学位論文要旨



No 122724
著者(漢字) 吉村,彰記
著者(英字)
著者(カナ) ヨシムラ,アキノリ
標題(和) 板厚方向に縫合したCFRP積層板の損傷進展に関する研究
標題(洋)
報告番号 122724
報告番号 甲22724
学位授与日 2007.03.22
学位種別 課程博士
学位種類 博士(科学)
学位記番号 博創域第261号
研究科 新領域創成科学研究科
専攻 先端エネルギー工学専攻
論文審査委員 主査: 東京大学 教授 武田,展雄
 東京大学 教授 青木,隆平
 東京大学 客員教授(連携) 小笠原,俊夫
 東京大学 助教授 鈴木,宏二郎
 東京大学 助教授 岡部,洋二
内容要旨 要旨を表示する

 CFRP積層板は、その層間破壊靭性値の低さから、面外衝撃荷重によって容易に層間にはく離が発生し、圧縮強度が著しく低下することが知られている。CFRP積層板の板厚方向に縫合を施した縫合CFRP積層板は、低いコストで製作できる上、層間破壊靭性値が従来のCFRP積層板に対して大幅に高く、次世代の構造材料として期待されている。

 縫合CFRP積層板については、これまでDCB試験やENF試験によって測定する層間破壊靭性値や、面内剛性・強度といった、材料特性については精力的に研究されてきた。
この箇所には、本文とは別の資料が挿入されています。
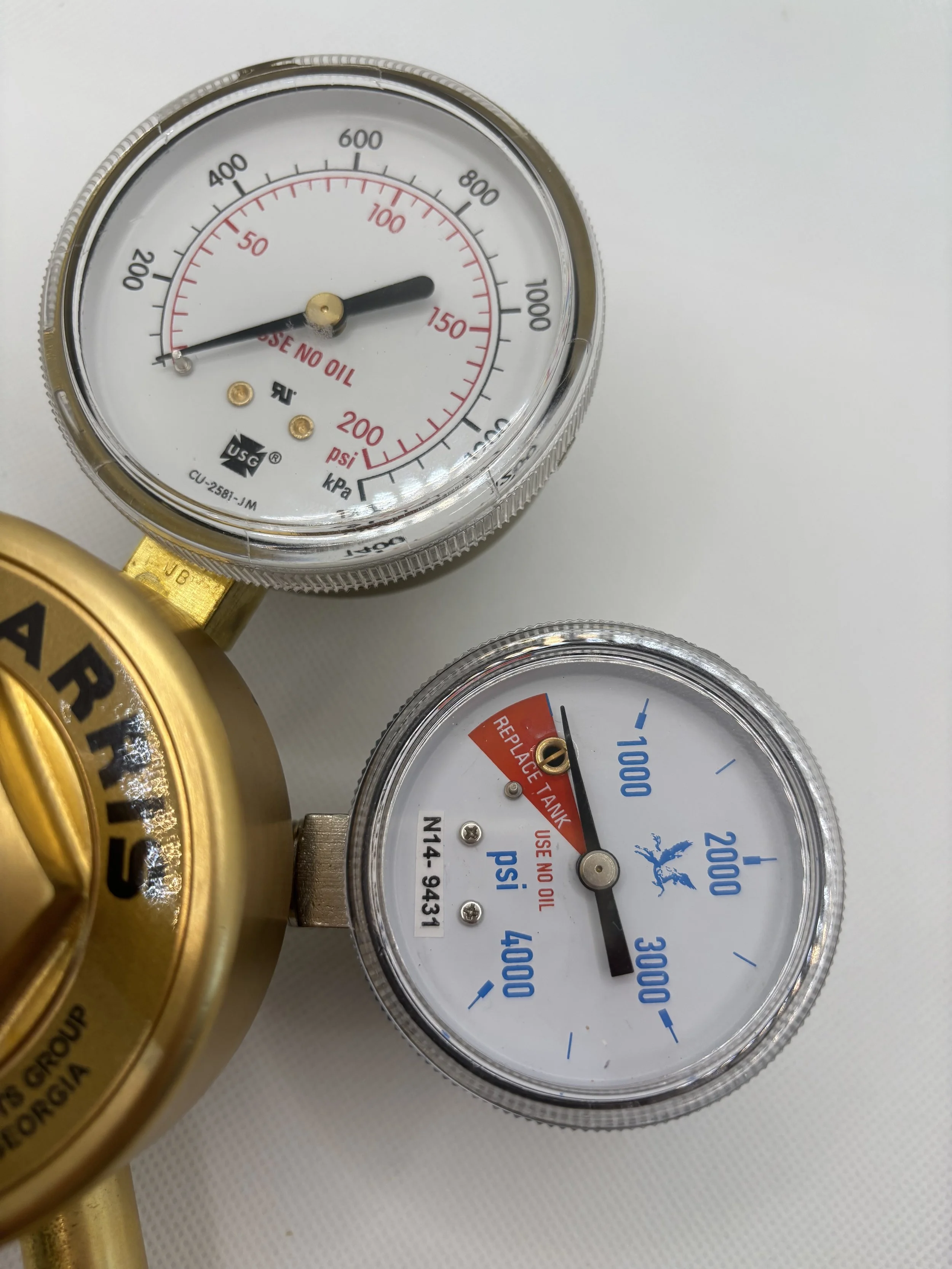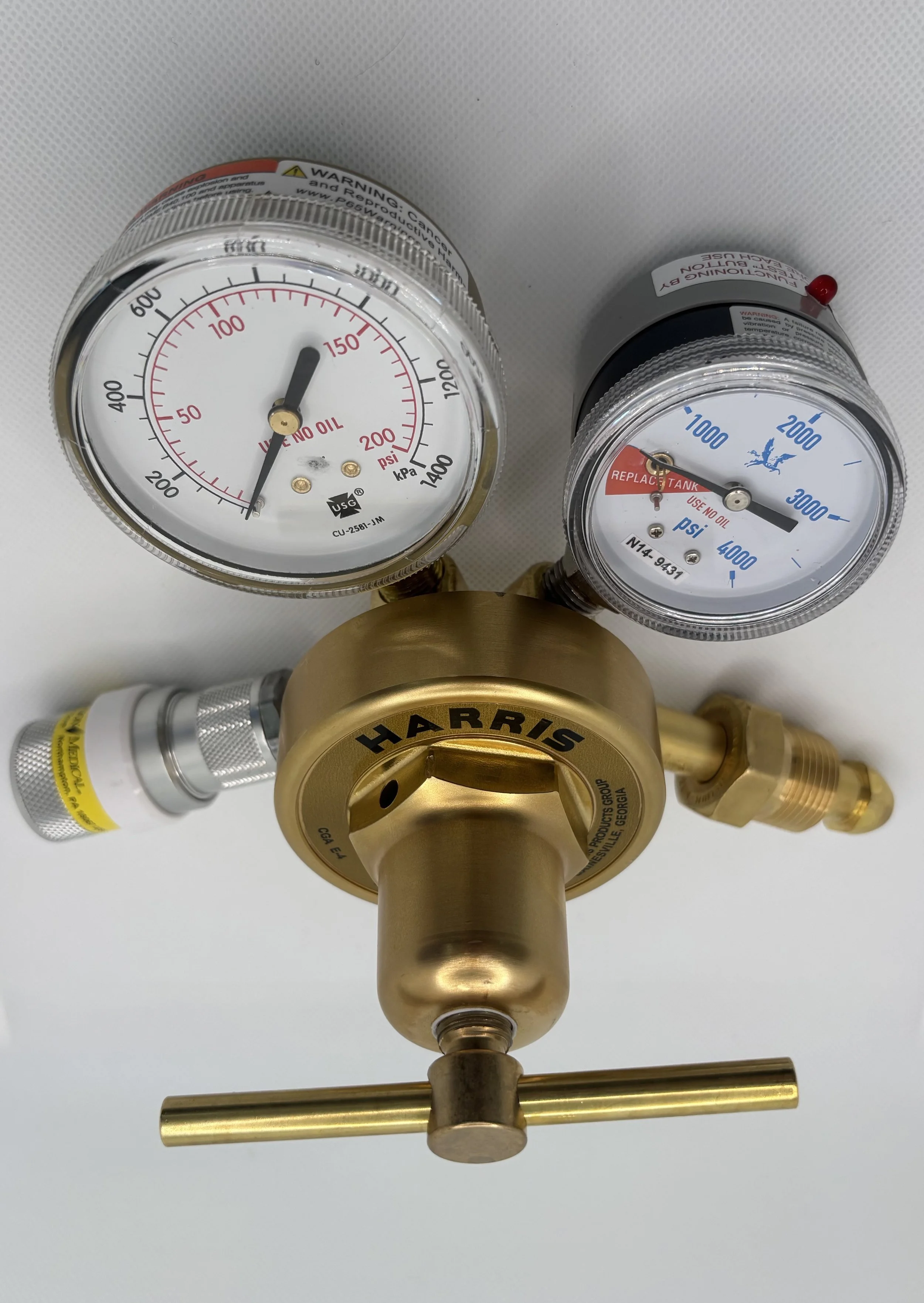 We swap out the pressure gauge on our classic Harris 425 125 580 regulator in favor of a pressure gauge that is equipped with an alarm . The alarm beeps or flashes when the tank’s PSI level dips below 500. It goes without saying that running out of air or nitrogen during a surgery is suboptimal, delaying surgeries and wasting tubing sets.

しかし、従来の非縫合積層板と同様、縫合積層板には様々な荷重条件下で、層内き裂、層間はく離といった損傷が発生、進展し、材料特性に対して大きな影響を与える。したがって、様々な荷重条件下で縫合積層板に発生する損傷の発生、進展プロセスを理解することは、縫合積層板を用いた構造物の信頼性を確保する上で必要不可欠である。また、縫合積層板においては、縫合糸の種類、縫合糸の径、縫合の密度など、縫合パラメータを設計することができる。したがって、損傷進展プロセスに基づき、内部構造を適切に決定することが必要である。

 そこで、本論文では、縫合積層板の損傷の進展プロセスを、実験・解析の両面から検討し、板厚方向の縫合が損傷進展プロセスに対して与える影響を明らかにし、損傷パラメータ決定の指針を検討することを目的とした。本論文は、序論、結論を含めて7章で構成されている。以下に各章で行った研究と、その成果を順に示す。

 CFRP複合材料内の損傷進展プロセスを実験的に観察することは困難であり、数値解析による損傷プロセスの検討を行うことが必須である。したがって、第2章では、結合力要素を用いた有限要素解析に基づいて、縫合積層板の損傷進展を解析する数値解析モデルの提案を行った。積層板はレイヤーに分割し、各レイヤーはMindlin板要素で要素分割した。各レイヤー内とレイヤー間には損傷を表現するために結合力要素を配置した。縫合糸の効果はTimoshenkoはり要素でレイヤー同士を結合することによって表現した。このとき、結合力要素を用いた際に発生する非線形性を、線形解析に連続によって求めることとした。また、既存の研究から、一本の縫合糸がはく離を架橋する際に発生するき裂閉口トラクションについての研究を参照し、これらのトラクションが提案した数値解析モデルで表現可能であることを述べた。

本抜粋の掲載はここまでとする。